_RECORD SET_:
▽
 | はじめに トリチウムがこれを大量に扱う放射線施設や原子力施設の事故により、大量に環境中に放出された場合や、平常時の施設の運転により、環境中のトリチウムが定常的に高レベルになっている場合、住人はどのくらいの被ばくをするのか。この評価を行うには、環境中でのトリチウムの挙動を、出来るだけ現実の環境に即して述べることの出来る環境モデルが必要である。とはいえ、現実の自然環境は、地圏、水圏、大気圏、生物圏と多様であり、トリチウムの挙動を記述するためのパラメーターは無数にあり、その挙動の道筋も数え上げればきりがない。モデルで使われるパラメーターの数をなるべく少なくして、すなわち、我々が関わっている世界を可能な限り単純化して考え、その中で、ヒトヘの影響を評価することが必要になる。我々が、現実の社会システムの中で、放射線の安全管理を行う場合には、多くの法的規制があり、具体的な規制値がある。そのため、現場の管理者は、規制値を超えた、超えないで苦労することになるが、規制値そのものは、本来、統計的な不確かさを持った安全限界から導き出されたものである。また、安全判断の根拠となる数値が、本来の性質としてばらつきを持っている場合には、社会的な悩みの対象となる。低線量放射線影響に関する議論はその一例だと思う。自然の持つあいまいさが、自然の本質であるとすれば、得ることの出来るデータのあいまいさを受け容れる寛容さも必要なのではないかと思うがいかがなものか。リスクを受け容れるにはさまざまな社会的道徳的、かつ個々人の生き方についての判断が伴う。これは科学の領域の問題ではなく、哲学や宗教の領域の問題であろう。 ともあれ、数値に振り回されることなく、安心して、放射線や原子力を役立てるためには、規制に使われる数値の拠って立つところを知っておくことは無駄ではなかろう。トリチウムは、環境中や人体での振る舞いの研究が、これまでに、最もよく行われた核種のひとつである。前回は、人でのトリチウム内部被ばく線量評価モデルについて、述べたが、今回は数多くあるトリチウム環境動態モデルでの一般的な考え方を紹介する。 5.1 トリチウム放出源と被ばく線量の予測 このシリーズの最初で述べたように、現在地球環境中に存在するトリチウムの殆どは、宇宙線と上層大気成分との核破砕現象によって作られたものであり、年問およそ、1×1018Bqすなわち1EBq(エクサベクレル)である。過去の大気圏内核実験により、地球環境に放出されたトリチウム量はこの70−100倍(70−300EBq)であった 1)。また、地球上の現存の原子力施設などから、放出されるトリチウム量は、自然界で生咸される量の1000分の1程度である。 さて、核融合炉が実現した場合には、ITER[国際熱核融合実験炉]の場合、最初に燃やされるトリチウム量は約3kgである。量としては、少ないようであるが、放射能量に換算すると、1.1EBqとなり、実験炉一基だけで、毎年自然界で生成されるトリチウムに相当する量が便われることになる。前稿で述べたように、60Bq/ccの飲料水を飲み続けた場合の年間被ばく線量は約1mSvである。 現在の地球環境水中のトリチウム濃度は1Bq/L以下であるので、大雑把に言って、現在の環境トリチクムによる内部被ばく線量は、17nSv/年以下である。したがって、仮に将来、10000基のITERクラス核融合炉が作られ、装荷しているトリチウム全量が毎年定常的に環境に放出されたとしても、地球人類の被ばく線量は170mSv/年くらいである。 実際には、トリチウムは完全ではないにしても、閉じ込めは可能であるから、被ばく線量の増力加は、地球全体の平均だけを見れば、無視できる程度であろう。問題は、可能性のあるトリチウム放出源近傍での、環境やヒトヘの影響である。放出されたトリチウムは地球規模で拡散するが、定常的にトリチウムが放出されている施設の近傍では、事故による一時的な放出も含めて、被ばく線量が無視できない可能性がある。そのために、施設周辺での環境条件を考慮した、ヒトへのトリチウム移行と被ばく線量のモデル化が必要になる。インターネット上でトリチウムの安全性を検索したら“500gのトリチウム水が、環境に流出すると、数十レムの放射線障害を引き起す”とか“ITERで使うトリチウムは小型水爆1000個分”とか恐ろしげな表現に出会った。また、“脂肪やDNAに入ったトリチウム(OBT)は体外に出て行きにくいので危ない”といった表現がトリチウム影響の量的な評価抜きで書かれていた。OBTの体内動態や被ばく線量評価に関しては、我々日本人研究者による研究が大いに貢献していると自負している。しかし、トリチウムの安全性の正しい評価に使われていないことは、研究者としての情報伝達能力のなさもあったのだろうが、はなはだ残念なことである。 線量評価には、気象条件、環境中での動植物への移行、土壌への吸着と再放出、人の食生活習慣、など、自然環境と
△
▽
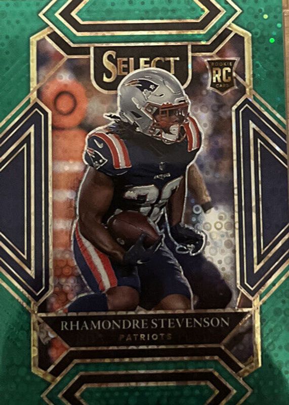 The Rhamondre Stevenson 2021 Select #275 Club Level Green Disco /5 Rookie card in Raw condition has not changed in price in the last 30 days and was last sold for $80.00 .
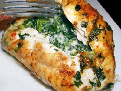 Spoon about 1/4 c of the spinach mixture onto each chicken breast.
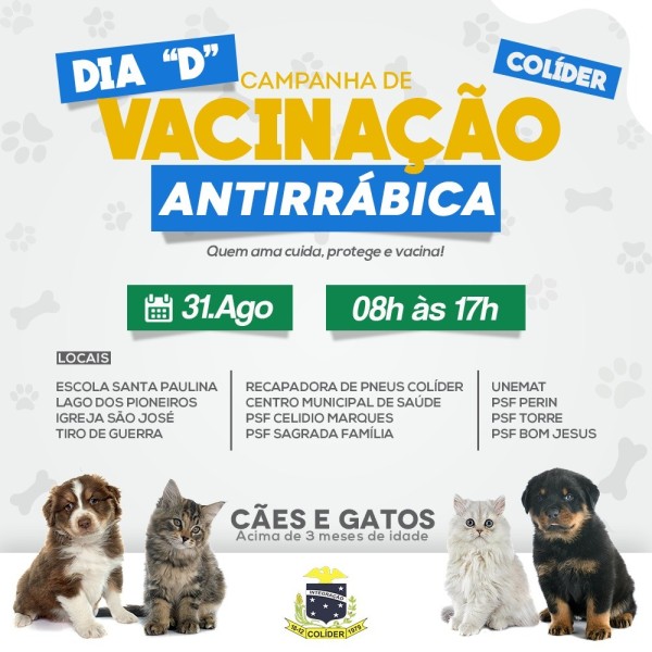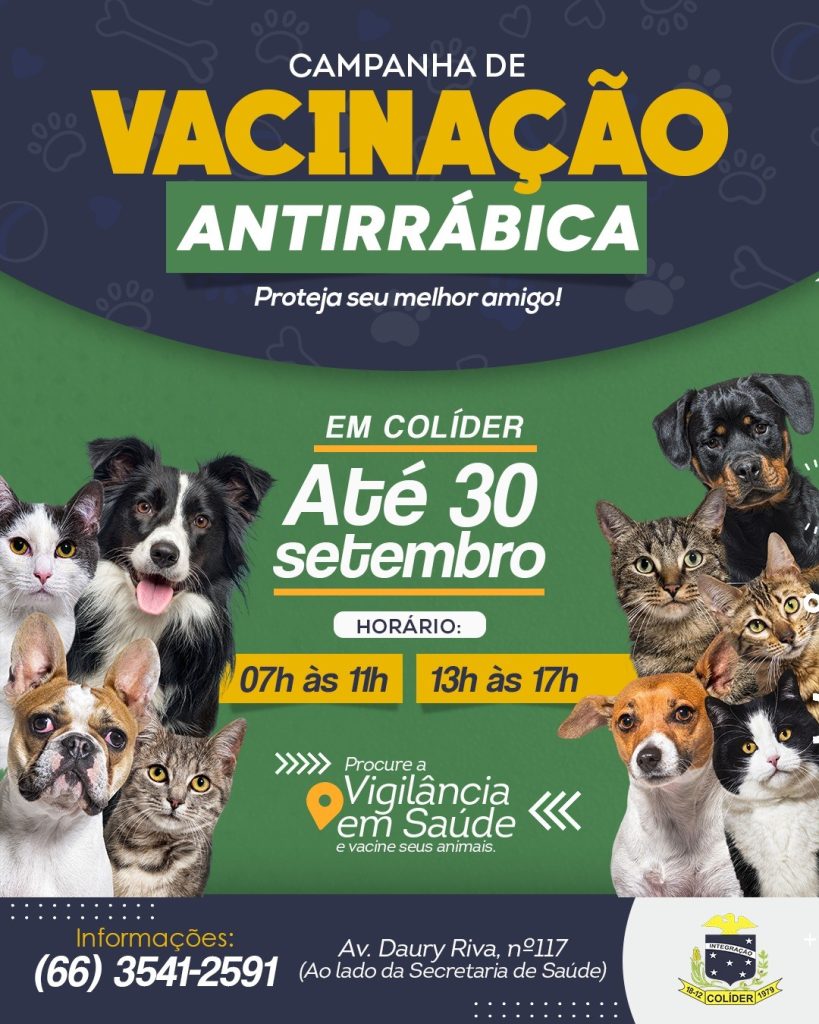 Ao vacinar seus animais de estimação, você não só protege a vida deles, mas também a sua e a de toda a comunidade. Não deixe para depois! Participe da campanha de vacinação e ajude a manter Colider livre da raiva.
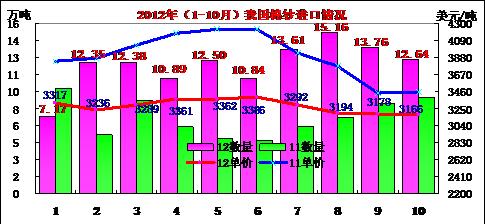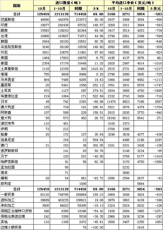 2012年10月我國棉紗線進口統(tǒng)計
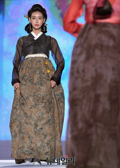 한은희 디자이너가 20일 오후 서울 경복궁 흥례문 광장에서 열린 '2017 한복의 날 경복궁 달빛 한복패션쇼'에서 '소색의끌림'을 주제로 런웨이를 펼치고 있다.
△
_DIRECTIONS_:
From the listing above, repeat only the lines between the line containing "Spoon about 1/4" and the line containing "한은희 디자이너가 20일", those two included. Pictures are not part of the copy.

_SOLVED EXERCISE_:
 Spoon about 1/4 c of the spinach mixture onto each chicken breast.
 Ao vacinar seus animais de estimação, você não só protege a vida deles, mas também a sua e a de toda a comunidade. Não deixe para depois! Participe da campanha de vacinação e ajude a manter Colider livre da raiva.
 2012年10月我國棉紗線進口統(tǒng)計
 한은희 디자이너가 20일 오후 서울 경복궁 흥례문 광장에서 열린 '2017 한복의 날 경복궁 달빛 한복패션쇼'에서 '소색의끌림'을 주제로 런웨이를 펼치고 있다.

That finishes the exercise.